Forbes magazine has several tips for businesses to find the proper outlet for their social activism that may also be instructive for churches wanting to enter the social justice field.
1. Look in the mirror. When it comes to defining your social mission, start with your business mission. Increasingly, we find it helpful when these two are aligned from the start – even if your company makes widgets. Strategic leaders recognize that giving back can be baked right into your corporate DNA, such as with equity pledges, where companies offer a small percentage of their equity to nonprofits. Regardless of your organization’s structure, your business mission will help inform the most aligned direction to harness your corporate energies and offer the best opportunities for pro bono volunteering and other engagement.
2. Go on a listening tour. As you consider your mission and values, it’s important to get your employees involved so that they feel “heard.” Surveys are a common tool to cull employee interests around causes, including where many of them may already be volunteering and giving. Sure, you won’t be able to prioritize every cause, but you may be able to find patterns of common interests, which will help when it comes to increasing volunteer participation if you decide to pursue these causes. And even with the many causes that you don’t elevate to the corporate level, a volunteer platform will empower employees to pursue many different interests as a part of their volunteer work.

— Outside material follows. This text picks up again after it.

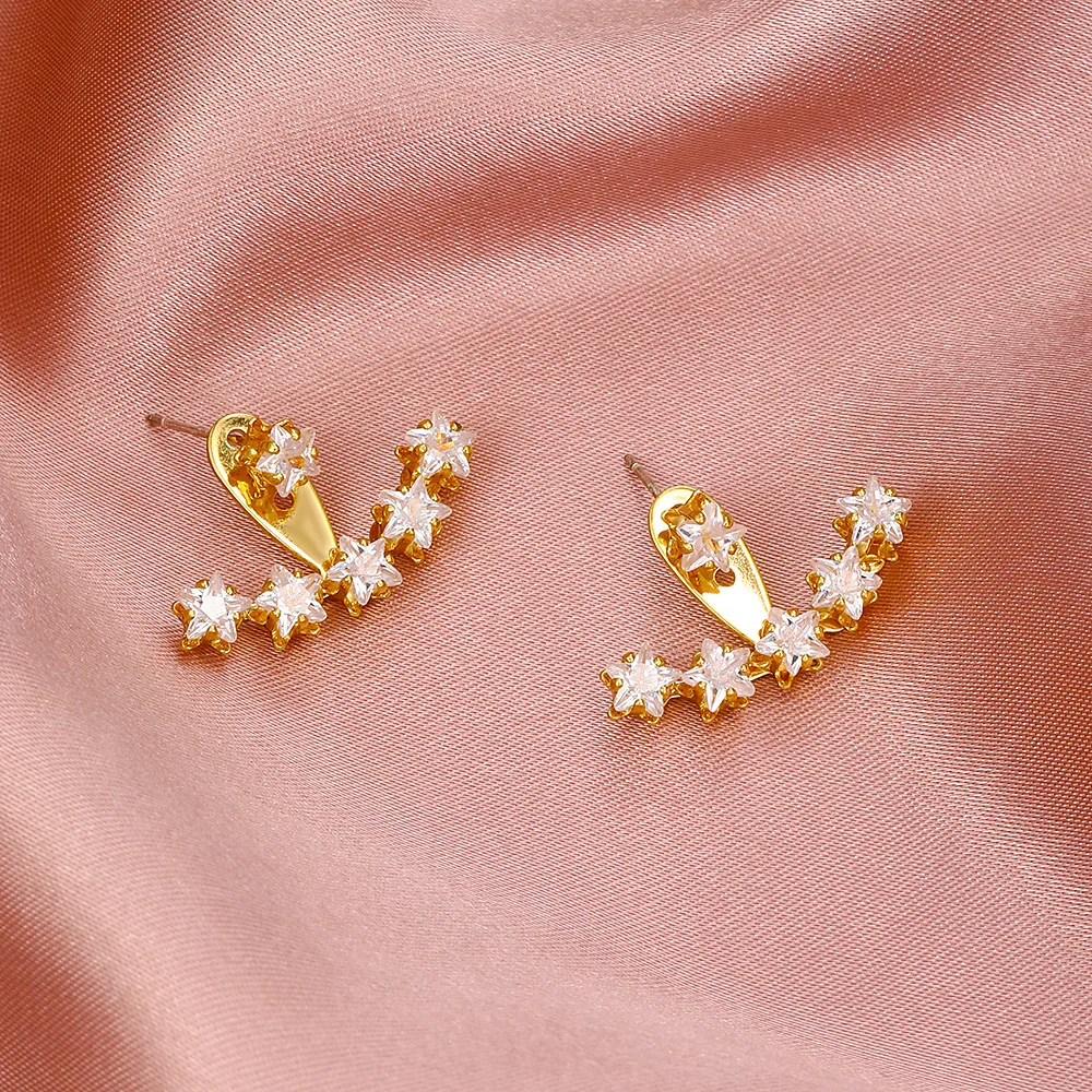 victoria’svogue Elegant Vintage Geometric Star Earrings Front Back Double Side Stud Earrings for Women Crystal Ear Piercing Jewelry Pendientes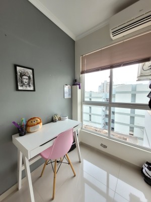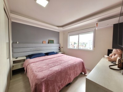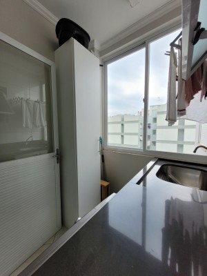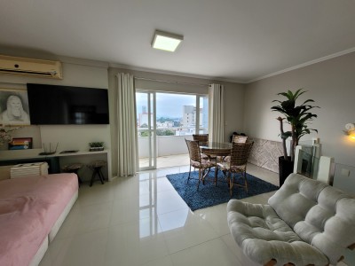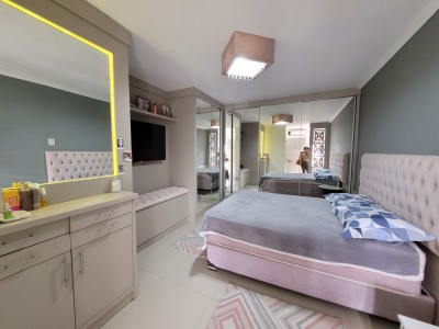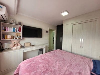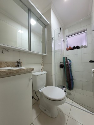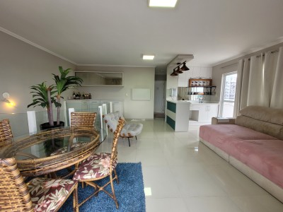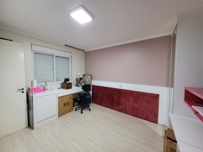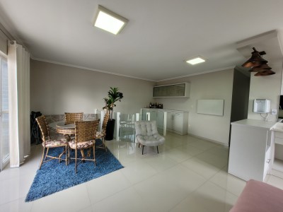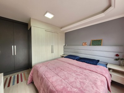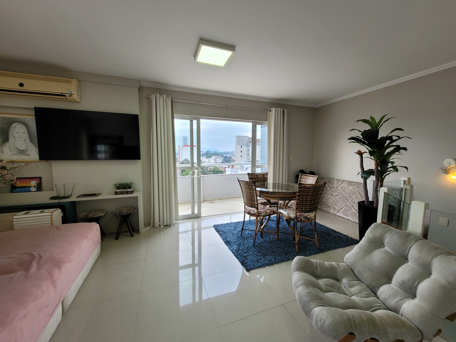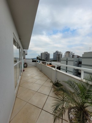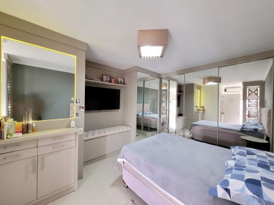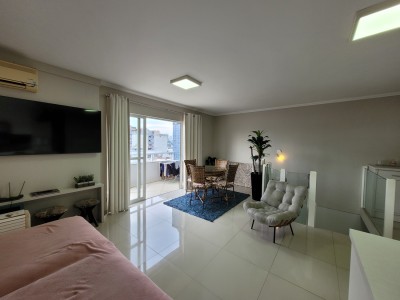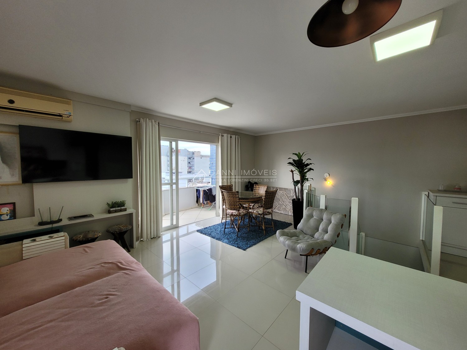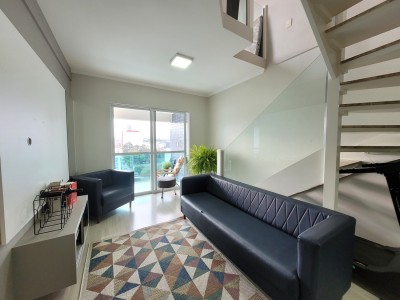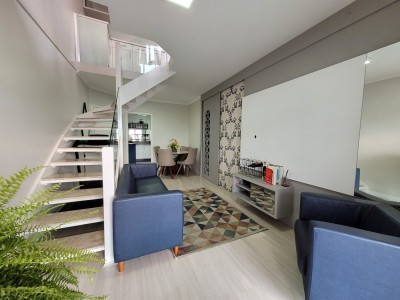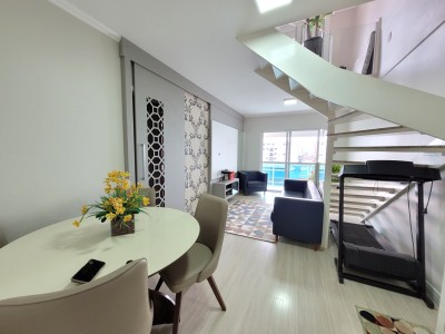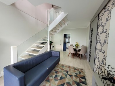 Descrição › Cobertura duplex de fundos, com orientação solar norte/oeste, semi mobiliada (permanecem móveis planejados, splits, cortinas e iluminação).

3. Do your research. When it comes to selecting specific nonprofits to ally with or support, tools like Charity Navigator provide insight into organizational history, financial health, accountability and transparency. Make sure that you do your due diligence in assessing how your company can make the biggest impact at the most minimal cost.
4. Get help. Experts in the field can serve as invaluable translators helping companies and nonprofits speak the same language, align expectations and goals and establish relationships destined for success. Guidance from a trusted expert in the nonprofit world can help steer your company to the cause area and nonprofit that is the best possible match.
Since confessional churches rely on word and sacrament, perhaps activism related to literacy, wheat farms, and grape growing is the best fit. Here‘s a story about wine cellar workers at Woodbridge who want to join the Teamsters. Perhaps your diaconate could help.
Also, the National Association of Wheat Growers has several items on its list of policies that might guide a session or diaconate’s thoughts about social justice.
Too bad, though, that cellar workers and wheat growers are not high on the list of causes that motivate millennials. The top five are:
Civil rights/racial discrimination 29%
Employment (job creation) (tie) 26%
Healthcare reform (tie) 26%
Climate change 21%
Education (K-12) 17%
The runners up:
Respondents also sited wages (15%), environment (14%), college/post-secondary education (13%), poverty and homelessness (13%), mental health and social services (12%), criminal justice reform (11%), women’s rights (10%), women’s health and reproductive issues (9%), early education (8%), sexual orientation-based rights (8%), and literacy (4%) as issues they care about.
That’s a boat load of activity for any single congregation. Even a denominational agency, like the Committee on Social Justice, would have a hard time meeting at most three times a year to give due attention and resources to all of these matters.
The encouraging news, though, is that millennials have a fairly low bar for what constitutes social activism:
Researchers also asked respondents what types of actions they take on behalf of the causes important to them. Voting topped the list, in order or priority, followed by signing a petition, no action, posting on social media, and changing purchase of products and services. Voting, researchers surmised, is seen as a vital form of activism; the survey found that nearly two-thirds (65 percent) of respondents said they had voted in the 2016 presidential election.
So, if your officers are voting, Tweeting, and posting on Facebook, they already have a social-justice ministry.
3 thoughts on “Which Social Cause Is Right for Your Congregation (and Denomination)?”
The tipping point that will lose Trump his 81%?
Social responsibility at work and church, better that it is canned with a photo ops to meet the pressure of both. Social media makes checking it off the bucket list magical. Tshirts are required and great for washing the car. Meanwhile it’s back to the labor of loving and caring for the people on our midst.
#AssadHolocaust during this #NeverAgain moment of our time in Syria would seem to be a clear one if scripture and the SOUL were followed above trending media causes.